We heard that last week was a prime opportunity for the owners and players to come to an agreement on a new Collective Bargaining Agreement and end the lockout. That didn't happen.
We've heard that this week is yet another prime opportunity for the sides to reach an agreement on a new CBA.
Anyone feel like we've been down this road before?
Once a deal is (finally) done, the Ravens, along with every other NFL team, will have a short window in which to re-sign their own free agents and then bolster their roster by adding veteran players and undrafted free agents on the open market.

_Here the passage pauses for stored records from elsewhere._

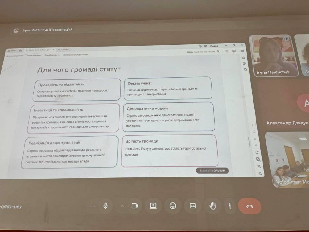 Під час виступу Ірина Гайдучик ознайомила присутніх із юридичною природою Статуту та положеннями Закону № 3703-ІХ, який тепер відносить до жителів громади також і внутрішньо переміщених осіб. Експертка наголосила на важливості залучення громадськості та позитивно відзначила, що у Володимирі вже діють багато важливих інструментів прозорості: онлайн-трансляції засідань, механізм електронних петицій та громадські обговорення бюджету.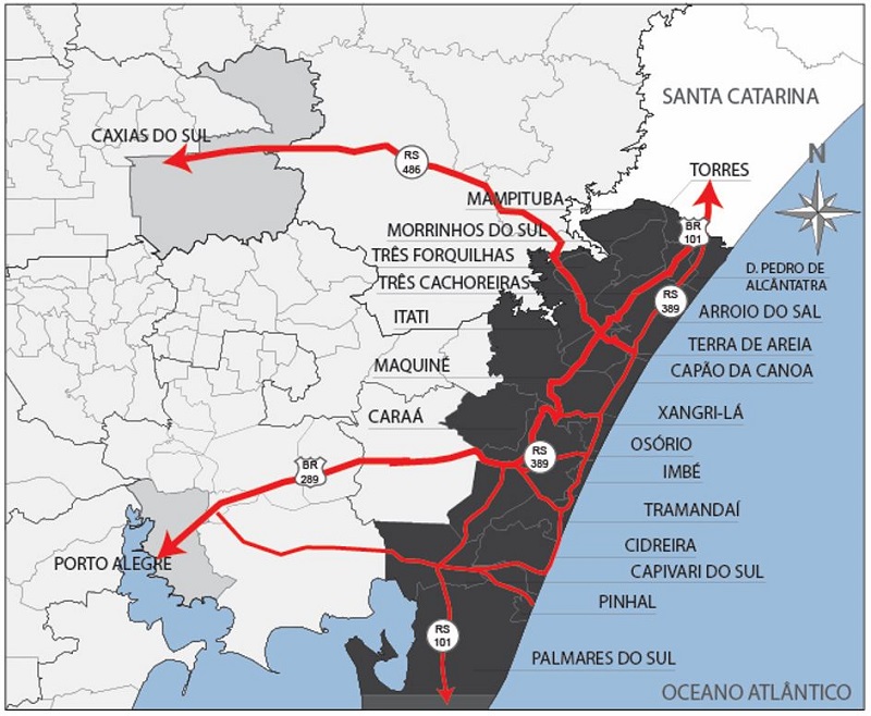 Dentre as principais rodovias, destacam-se a RS-486, conhecida como Rota do Sol, que liga a Serra Gaúcha ao Litoral; a BR-289, conhecida como Freeway, que liga o Município de Osório à Região Metropolitana de Porto Alegre, e a BR-101, que cruza diversos municípios do Litoral Norte e conecta o Rio Grande do Sul a diversos Estados brasileiros (Figura 2).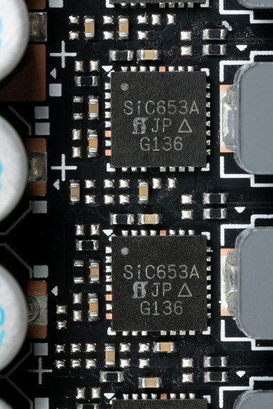 В преобразователе питания, традиционно для всех видеокарт Nvidia, используются транзисторные сборки DrMOS — в данном случае SIC653A (Vishay Siliconix), каждая из которых рассчитана максимально на 50 А.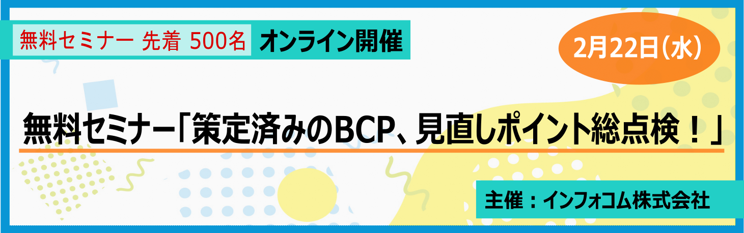【2月22日法人向け無料オンラインセミナー】「策定済みのBCP、見直しポイント総点検!」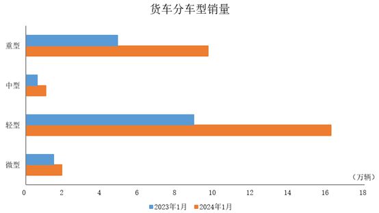 2024年1月,貨車產銷分別完成29.2萬輛和28.9萬輛,環(huán)比分別下降6.4%和6.6%,同比分別增長65.9%和81.8%。在貨車細分品種中,與上月相比,重型貨車和中型貨車產銷明顯增長,輕型貨車和微型貨車產銷呈兩位數(shù)下降;與上年同期相比,四大類貨車品種產銷均呈不同程度增長。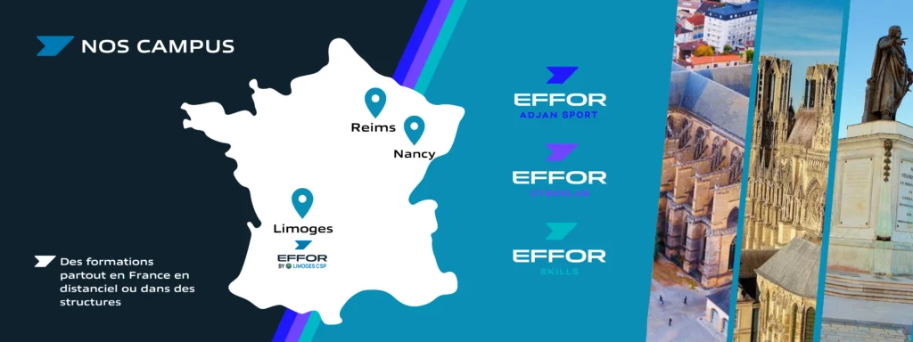Chez EFFOR ACADEMIES, nous préparons les futurs professionnels avec des formations en alternance de qualité, adaptées aux besoins du marché du travail. Nos quatre écoles spécialisées Effor Adjan Sport, Effor Cyberlab, Effor Skills et Effor Limoges CSP – couvrent divers domaines : communication, commerce, événementiel, administration, management, informatique, cybersécurité et métiers du tertiaire. Nos formations, du CAP/BEP au Bac+3, allient théorie et pratique, et sont dispensées par des experts, garantissant ainsi des compétences concrètes et actuelles.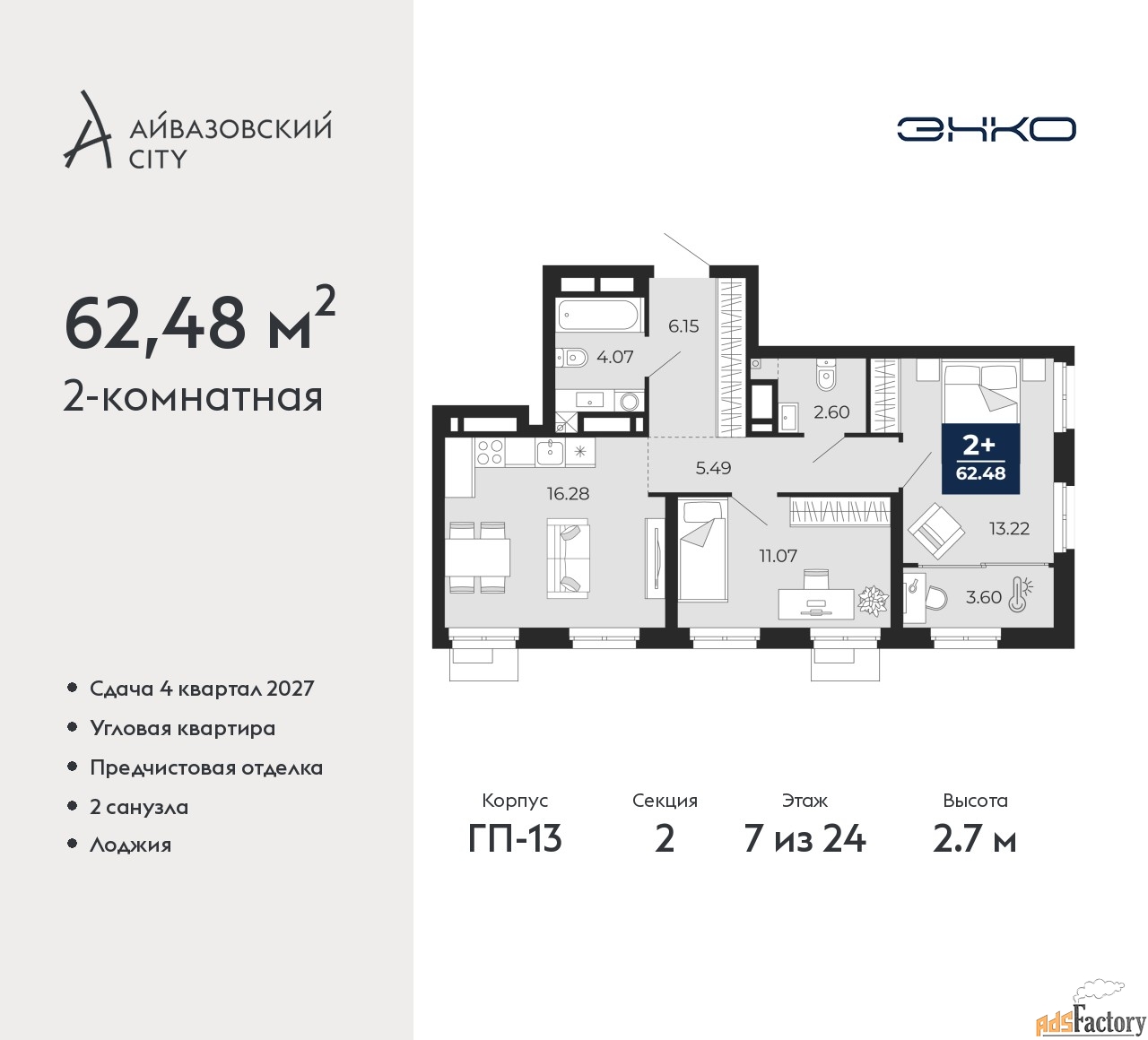 Дом монолитный, многоподъездный, высотой 24 этажа. Квартира находится во 2-й секции в корпусе ГП-13. На этаже 6 квартир. В подъезде 1 пассажирский и 1 грузовой лифт. Окончание строительства - 4 квартал 2027 года. Оформление сделки по договору долевого участия.

What should the Ravens' priorities be once that window begins? Here's a top-five list to keep in mind as the labor negotiations begin to reach a pivotal stage:
1. Marshal, Marshal, Marshal
Make no mistake - the clear top priority for GM Ozzie Newsome coming out of the lockout is re-signing offensive guard Marshal Yanda. The burly Iowa product, who is headed for unrestricted free agency, has become a vital cog on the Ravens' offensive line due to his All-Pro caliber play at right guard and his ability to line up at tackle, or even center, in a pinch. If the Ravens lose Yanda to free agency, their offensive line could be in big trouble, but Yanda is happy in Baltimore and isn't expected to go anywhere.
2. Get Suggs some help
Yanda is the Ravens' top target among their own crop of free agents, but when it comes to priorities outside the organization, nothing ranks higher than finding a pass rusher to compliment Terrell Suggs. The Ravens had an all-time franchise low 27 sacks last season, and 11 of those were provided by Suggs, despite the fact that he constantly drew double teams. Adding someone who can bring pressure off the other edge and take some pressure off Suggs is crucial going forward.
3. Find Marc Bulger version 2.0
Bulger didn't see a single snap last season as the Ravens' backup quarterback, but if you ask those in the team's front office, most would say that the veteran signal caller was worth his one-year, $3.8 million contract. Bulger gave the Ravens a capable, experienced option if Joe Flacco had gotten hurt, and played an important role in the quarterback room during meetings. There's a good chance Bulger doesn't return this season, and if he does go elsewhere, the Ravens need to add another proven veteran who can back Flacco up. Recently-drafted rookie Tyrod Taylor isn't ready to fill that role this year.
4. Carr or Wilson - take your pick
The Ravens improved their cornerback depth through the draft by adding Jimmy Smith in the first round and Chykie Brown in the fifth, but they still could use one more experienced cornerback who can round out the rotation and work in with Domonique Foxworth and Lardarius Webb. Chris Carr and Josh Wilson both stepped up last season and played well, and both will be unrestricted free agents. My guess is one of the two returns, and my money's on Carr. He loves the Ravens organization, is a team player (meaning he wouldn't mind losing some of his playing time to Smith, Foxworth or Webb), and has the ability to play multiple spots in the secondary.
5. Filling the fullback spot
Le'Ron McClain has made the Pro Bowl the last two years, but the Ravens' jovial fullback will be an unrestricted free agent when the lockout ends. Will the Ravens make a serious run at locking McClain up to a multi-year deal, or are they willing to let him go, opting instead for more of a traditional blocking fullback? McClain has made it clear that he would like to play more of a role in carrying the ball, and with backup running back Willis McGahee almost certainly not returning to Baltimore (the Ravens won't be too eager to pay his $6 million salary this season), the opportunity appears there for McClain to get more touches. The question is whether the Ravens will be interested in meeting his price tag, or whether they would prefer to go in another direction.
Other areas to watch: Dawan Landry's status as an unrestricted free agent and what the Ravens will do at strong safety, and the search for a veteran offensive tackle.